Whitepaper

Pyth addresses the challenge of providing timely, high-quality financial market data on-chain by incentivizing first-party sources and aggregating their prices into robust feeds. Its pull-based cross-chain architecture significantly reduces costs by letting consumers pay only when they need an update, and frequent batching via Pythnet supports low-latency delivery at scale. However, a major concern is the unclear token utility for PYTH, since fees are paid in target-chain tokens and there is no direct mechanism driving demand for the native asset.

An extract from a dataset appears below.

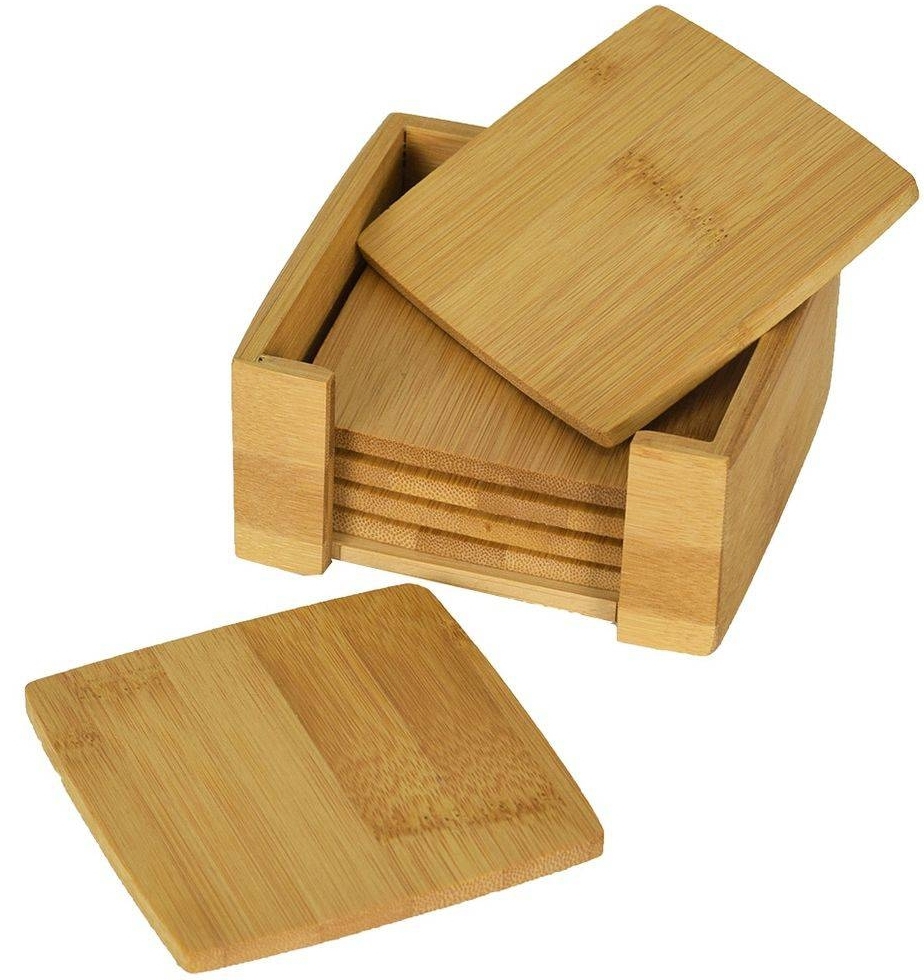 Porta copos com suporte ref. 162024 Porta copos de bambu 6pç. com suporte
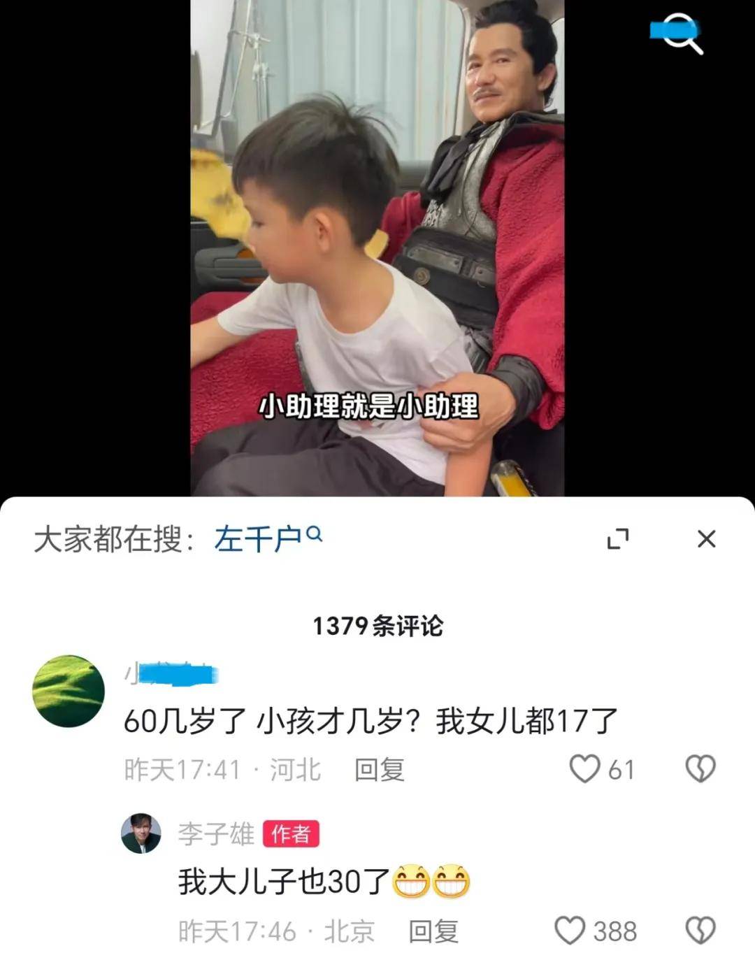 李子雄每次跟儿子同框,父子俩的年龄差总能引来网友热议。李子雄这次没有回避,回复一位网友说自己还有一个已30岁的大儿子,可能觉得这点会让自己看起来“正常”一点?

PYTH is the governance and incentive token of the Pyth oracle network with a fixed 10B supply. Tokenomics emphasize ecosystem growth (52%) and publisher rewards (22%), while fees for price updates are paid in native chain tokens rather than in PYTH. There is no specified staking, fee share, buyback, or burn—making current PYTH utility primarily governance-oriented with limited direct value capture. Distribution started with 15% unlocked at launch and four major unlock cliffs for the remaining 85% at 6/18/30/42 months. Two cliffs (6 and 18 months) have already occurred, placing circulating supply near 57.5% and aligning with observed data. Two large unlocks remain in May 2026 and May 2027 (each ~21.25% of total supply). On-chain concentration among top wallets is high, which, combined with the remaining cliffs, represents material future sell-pressure risk. Valuation-wise, FDV/MC ~1.74 suggests moderate remaining dilution; however, the absence of explicit value capture likely warrants a conservative stance relative to oracle peers with stronger token-linked utility.